【ソウル聯合ニュース】来月発足する韓国の尹錫悦(ユン・ソクヨル)次期政権が韓日関係の改善に意欲を示しており、尹氏が28日まで日本に派遣中の「政策協議代表団」も日本の政財界関係者と前向きに協議している。専門家の間では、1965年の国交正常化後最悪と言われるまで冷え込んだ韓日関係が、この政権交代を機に新たな転機を迎える可能性が高いとの見方が出ている。特に経済界で関係好転への期待が強く、早くも日本市場攻略へ動き出した韓国企業もある。

◇韓国焼酎やアパレル 日本市場攻略に拍車

 韓国酒類大手のハイト真露はこのほど日本で、主力製品の焼酎「チャミスル」のテレビCM放送を開始すると同時に新製品を発売した。日本の若者を中心に韓国焼酎が人気を得ていることから、マーケティングと営業を強化し日本市場のトレンドをけん引したい考えだ。
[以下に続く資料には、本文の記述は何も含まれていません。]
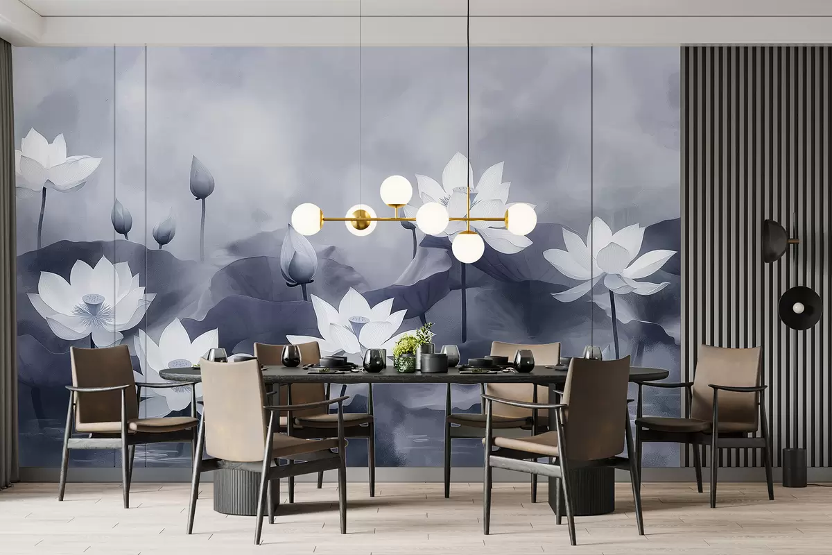 Fototapetai Lotosai ežere, gamta, rūkas, akrilo piešinys, dideli lapai, džiunglės, švelnios pilkos spalvos Nr. w01450v1

 電子商取引(EC)でファッションモールを運営するムシンサは昨年日本法人を設立した。さらに、日本ですでに成功を収めているファッション通販サイト「DHOLIC」の運営会社ディーホリックコマースを買収して市場攻略に拍車をかける構え。

 英紙フィナンシャル・タイムズは尹次期大統領が「未来志向的な韓日関係」確立を表明したとし、韓流ブームに政治情勢の変化が加わる中で韓国企業が日本市場攻略を本格化すると分析した。

 日本の消費者は自国製を好む傾向が強く、サムスン電子や現代自動車など世界で活躍する韓国企業ですら参入が容易でない。一方、ハイト真露は1988年に日本に進出して以降、98年に当時の金大中(キム・デジュン)大統領と小渕恵三首相が発表した「韓日共同宣言」、韓流ブームなどによる韓日友好関係の進展を背景に、着実に足場を固めてきた。
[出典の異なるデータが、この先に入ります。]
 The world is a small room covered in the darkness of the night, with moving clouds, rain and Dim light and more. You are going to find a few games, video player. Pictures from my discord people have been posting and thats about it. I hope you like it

 ところが2012年8月、当時の李明博(イ・ミョンバク)大統領の独島訪問をきっかけに韓日関係は悪化。その後10年にわたり歴史問題が足かせとなっている。日本では「嫌韓」が広がり、ハイト真露の売り上げも一時急減した。韓国でもこの5年間の文在寅(ムン・ジェイン)政権下で反日感情が強まった。 
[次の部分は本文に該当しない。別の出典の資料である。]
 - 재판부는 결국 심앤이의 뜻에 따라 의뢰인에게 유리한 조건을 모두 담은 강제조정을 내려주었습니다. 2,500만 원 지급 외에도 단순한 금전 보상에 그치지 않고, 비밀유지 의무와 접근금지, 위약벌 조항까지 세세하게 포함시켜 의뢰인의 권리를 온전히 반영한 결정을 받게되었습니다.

 両国の経済関係だけでなく、民間のさまざまな交流も停滞した。

 韓国の財界内外からは、次期政権の発足が、史上最悪とされる韓日関係改善のきっかけになるとの期待が膨らんでいる。主要4企業グループのある関係者は、「国家間、とりわけ韓日関係はそれぞれの政権の性格や理念的に目指す方向性が大きな影響を及ぼす」とした上で、「金大中・小渕宣言を機に薫風が吹いていた24年前のように両国関係に新たなルネサンスが到来してほしい」と語った。

◇尹氏の政策協議団 岸田首相と面会

 尹氏が日本に派遣した政策協議代表団は26日、首相官邸を訪れ岸田文雄首相を表敬した。岸田氏は「ルールに基づく国際秩序が脅かされている国際情勢において、日韓、日米韓の戦略的連携がこれほど必要な時はない」「日韓関係の改善は待ったなしだ」などと強調したと、日本の外務省は伝えている。

 代表団が24日に韓国を出発した時点では岸田氏との面会は決まっておらず、日本の自民党タカ派からも面会の必要性はないとの意見があった。だが、訪日した代表団は林芳正外相、萩生田光一経済産業相、岸信夫防衛相、そして岸田首相と相次ぎ面会した。

 昨年1月に日本に赴任した韓国の姜昌一(カン・チャンイル)大使もまだ岸田氏、林氏には会っていない。日本が韓国に対するかたくなな姿勢を崩さなかったためだ。一方、代表団に対する日本政府の雰囲気は文政権に対するものとはがらりと変わったと、専門家は分析する。

 代表団は岸田氏をはじめとする日本政府側に、両国関係改善に向けた尹氏の意思を伝えた。また、新型コロナウイルス禍で縮小した両国間の人的交流の回復に向け、20年3月から停止されている査証(ビザ)免除入国の再開なども要請したようだ。

 旅行業界の関係者は「韓国政府は金浦―羽田線の運航再開が6月1日から可能か調べているようだ」と話した。同路線が再開し、日本政府が韓国からの入国者に求めている指定宿泊施設での3日間待機を解除した場合、ビザ免除入国の再開も見えてくるとした。